У нас дома было две коробки комиксов и грошовых вестернов, которые мы перечитывали каждые каникулы. Там были комиксы про Фантома, комиксы «Иглз»[111] и Диснея, несколько комиксов про Супермена и Бэтмена. Но самыми любимыми были комиксы про Фантома и военные комиксы. Мне исполнилось шесть или семь лет, когда один из моих братьев впервые упомянул, что наш папа был солдатом на войне – в те дни все знали только одну войну, – и я, взволнованный, спросил его, используя ломаный англо-французский язык военных комиксов, скольких япошек он укокошил. Отец, чье внимание было почти невозможно привлечь и кто всегда держался как-то отстраненно, словно находился в другом месте, внезапно повернулся и пристально взглянул на меня.

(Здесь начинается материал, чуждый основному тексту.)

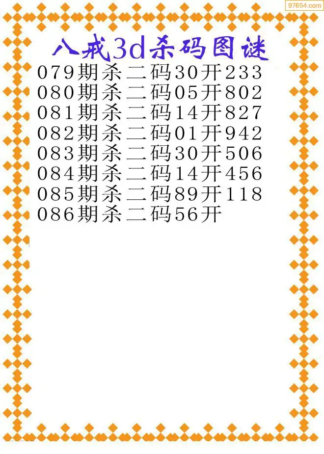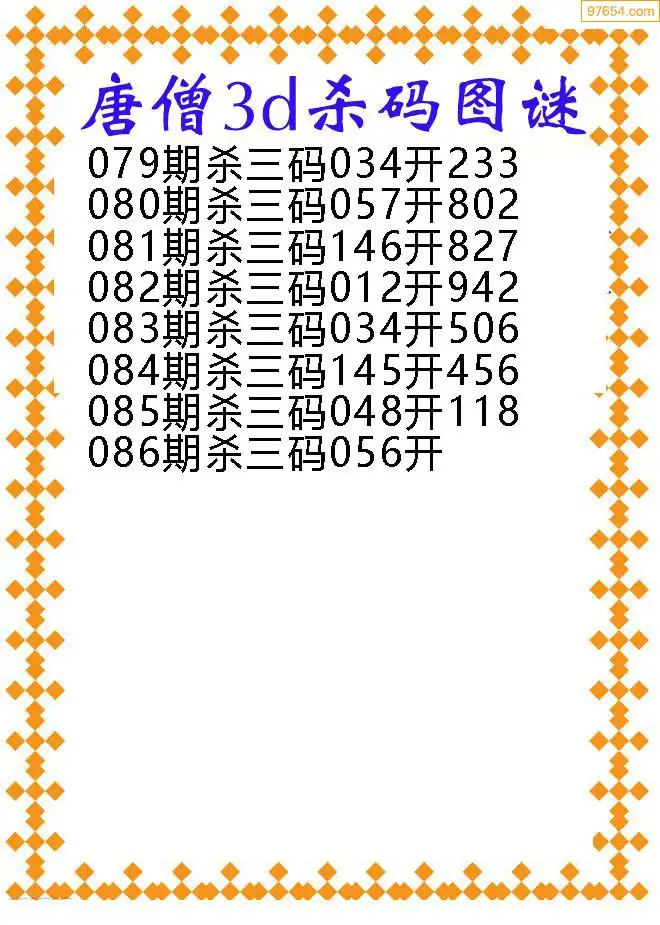 (3)2026085期3D预测总汇全图_福彩3d图谜字谜总汇

«Никогда, – произнес он так гневно, что спустя многие годы я все еще чувствую, как он тогда рассвирепел, – никогда больше не задавай такого вопроса».

И только. Но такой яростно вырвавшейся из него силы я никогда раньше и потом больше никогда не ощущал. Это было ошеломляюще. Я был одновременно раздавлен и обескуражен.

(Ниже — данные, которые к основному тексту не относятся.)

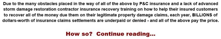 Prior to the year 2005, restoration contractors used a variety of different free market repair estimating programs to estimate the cost of repairs to their insured property owner customers damaged properties. Around 2005, the property & casualty industry introduced a repair pricing estimating program called Xactimate. Owned and controlled by the property & casualty insurance industry, they sold the program to restoration contractors as “the industry standard” repair estimating program. The biggest problem with that program however, is the fact that being owned and controlled by the property and casualty insurance industry, the repair pricing listed was and still remains below free market pricing which results in dramatic underpayments to insured property owners – in fact, billions of dollars-worth every year, as shown through the link below.
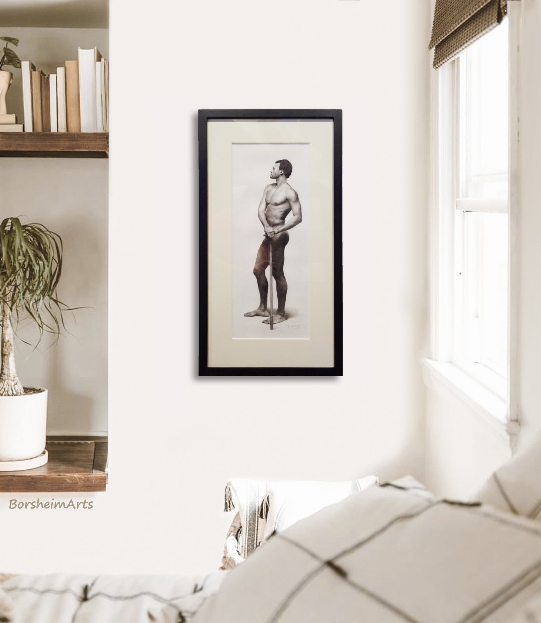 Framed artwork of a shirtless man standing; Original Drawing is exhibited on a wall in a neutral bedroom with a plant and books.

Он не стал искать повода что-то мне объяснить. Мне оставалось только постепенно осознать, что военный комикс – это не война и даже не жизнь; что существует реальный мир, к которому нужно относиться с величайшим почтением и серьезностью. Моему отцу нравилось дурачиться и чудить. Но чего он терпеть не мог, так это когда дурачества и всякую блажь смешивали с реальной жизнью. Всякий раз, когда я слышу бессмысленную болтовню политиков, приукрашивающих ужасы войны, я снова становлюсь семилетним ребенком, обескураженным, ошеломленным и испытывающим глубокий стыд. А несколько десятилетий спустя отец сказал мне, что война – это величайшая пакость.

Нельзя сказать, что наш отец был непрактичным, просто его не интересовали вещи практические. Он гордился своими ухоженными ногтями, у него был маленький кожаный чехол полуовальной формы, в котором лежали маникюрные ножнички, пилочки и разные маникюрные инструменты, которые он купил после войны и хранил до самой смерти. Выходец из рабочей семьи, в юности успешный спортсмен, бывший кем-то вроде местного чемпиона, едва выживший в плену, где занимался рабским трудом, он не чувствовал необходимости демонстрировать свои физические возможности, его не привлекал физический труд, и он не делал вид, будто это его интересовало. И его представление о мужественности не было связано с физической силой, если, конечно, у него было хоть какое-то представление о мужественности. Мужчины его забавляли, а женщины интересовали. Он говорил о женщинах серьезно, в то время как мужчины, по большей части, были для него не более чем объектом шуток. Казалось, ему наскучили представления о мужественности, или, возможно, он просто видел, к чему приводят игры мальчиков в мужчин, и эти игры, в его представлении, не стоили свеч.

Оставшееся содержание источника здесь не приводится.